First, I would like to offer a stark contrast between two types of statisician: 1) statisticians of the old mold who are wedded to SAS and related tools and 2) research statisticians who employ modern methods such as Bayesian statistics and rather advanced calculus. The former tend to mold all problems into what is available in the canon of SAS routines, while the latter are capable of creating custom models that suit the problem at hand.
Then, there is a new breed of scientist -- the data scientist -- who tends to use black-box machine learning methods and the classical techniques, as programs such as SAS and R have "democratized" the field. I agree with the common gripe of many traditionally-trained statisticians who object that these "data scientist" tend not to understand the statistical background of these computer codes. In fact, it is easy to download R onto one's computer and start firing data through, with little regard for the merits of the model or its results. (Not all data scientists are like this, but I'm simply stating a general observation.)

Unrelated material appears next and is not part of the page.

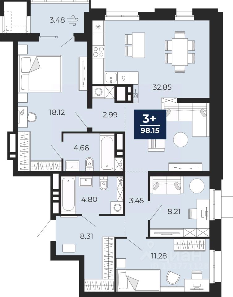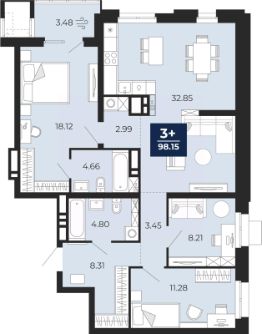 Просторная трехкомнатная квартира с предчистовой отделкой в ЖК "Мириады" на 4 этаже. Общая площадь: 95.71 кв.м., жилая: 37.61 кв.м., площадь просторной кухни-столовой: 32.85 кв.м. Квартира угловая, идеально подойдет любителям тишины и панорамных видов. В квартире одна лоджия, два совмещенных санузла. Высота потолков 2.7 м.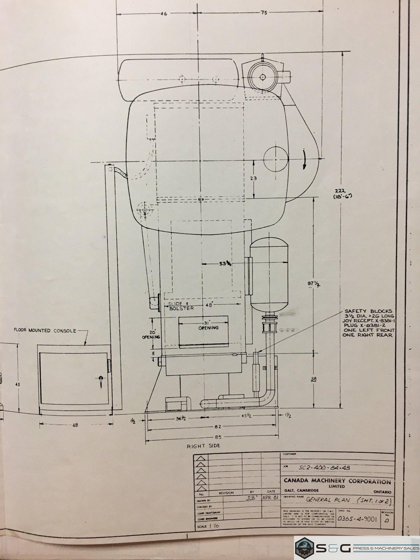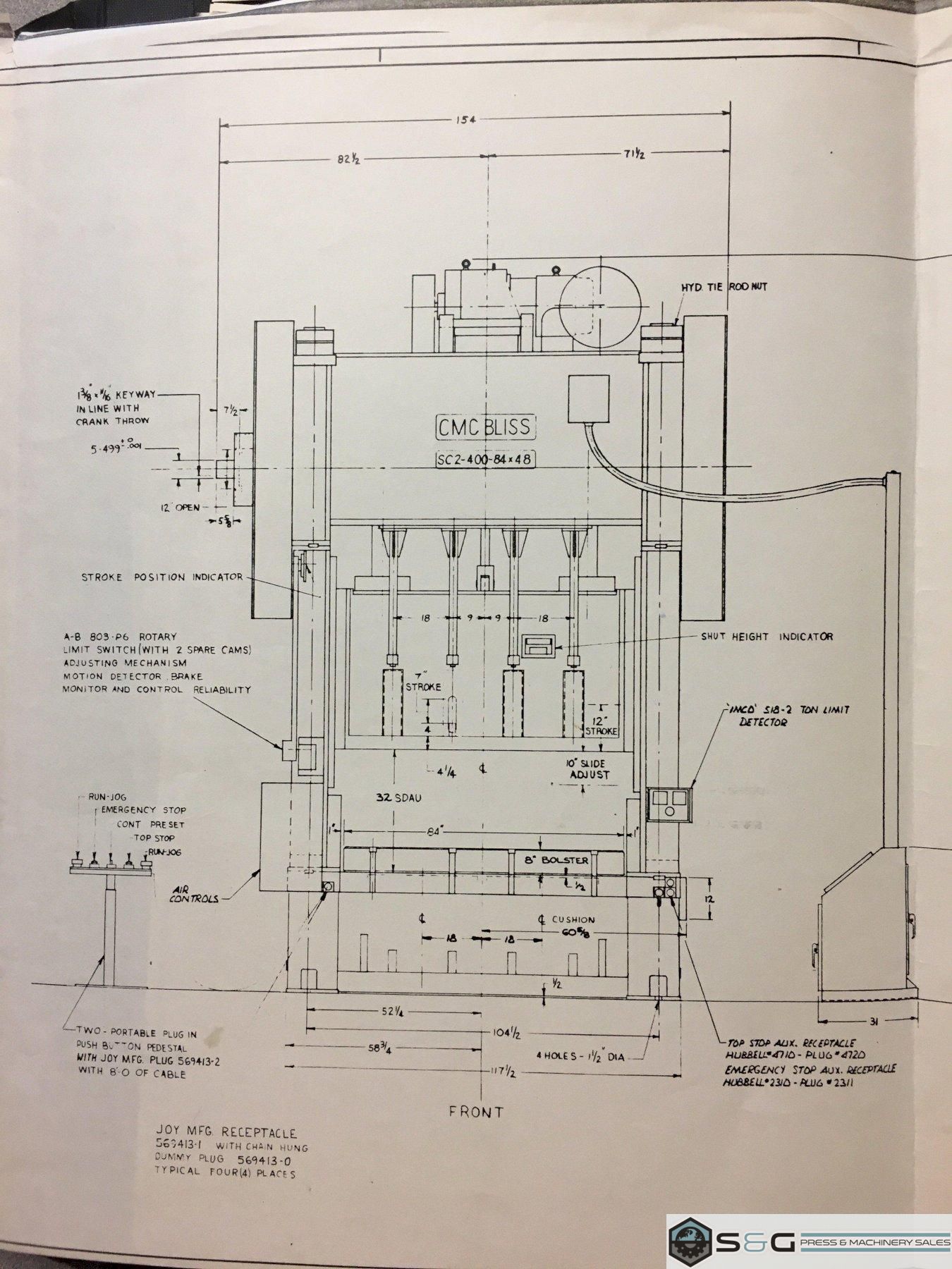 400 Ton Bliss SC2-400-84-48 Straight Side Mechanical Metal Stamping Press

Another problem with statistics is that it can be very confusing, understanding just what things like p-values mean. After a first course in statistics, it leaves many with a bad taste -- either being terribly confusing, or rather boring. In my opinion, this is because of traditional (frequentist) statistics, which have their origins from luminaries such as Fisher and Pearson.
The "action" today is in Bayesian statistics. This formulation allows for statistical concepts to be expressed is ways that (I believe) most people can understand. But executing Bayesian statistics mandates that one understand the underlying formulation of models; in general, they are not black-box methods. Furthermore, they can be quite computationally-expensive for large data.
Statistics is suffering from perceptions of being a button-pushing, boring profession. As has happened in many other fields (e.g. computational chemistry and CFD), computer programs have democratized the field so that those who have not had years of dedicated study and training can execute statistical models. In my experience, this can be a good thing, or a very bad thing. Another issue is that there is a significant build-up of half a century of code and protocols in both industry (think big business analysis) and government agencies (think FDA).
But modern statistics is actually a hot field. Provided that one understands the background, and is willing to go the extra mile to write custom code, the rewards are endless.
Re:AP? (Score:2, Interesting)
Getting rid of it is just an attempt to waste students' time and extract more money from them by forcing them to take more university courses.
I suspect his complaint is that in high school, AP Statistics is taught by math teachers. In college, classes are taught by professors who specialize in statistics. This goes along with his general complaint that people in other disciplines don't take the time to really understand how statistics work. Of course, the same problem exists in college statistics courses. You can take a one semester survey course or the two semester theory course. He'd prefer that everyone took the two semester course and that it was rigorously graded.
He may be right about AP Statistics though. Taking statistics in high school means that most people will have forgotten it by the time they get to advanced courses that use statistical methods. This leads to students learning statistics from the professors in those advanced courses (who are not focused on statistical rigor). Statistics is a sophomore/junior level class, where most other AP classes substitute for freshman classes.
I would tend to agree with you about the other AP classes though. There's no such thing as a "calculus professor" -- calculus is taught by a mathematics professor who is likely interested in something very different. It doesn't make much difference whether it is taught in a small high school class or a large college lecture.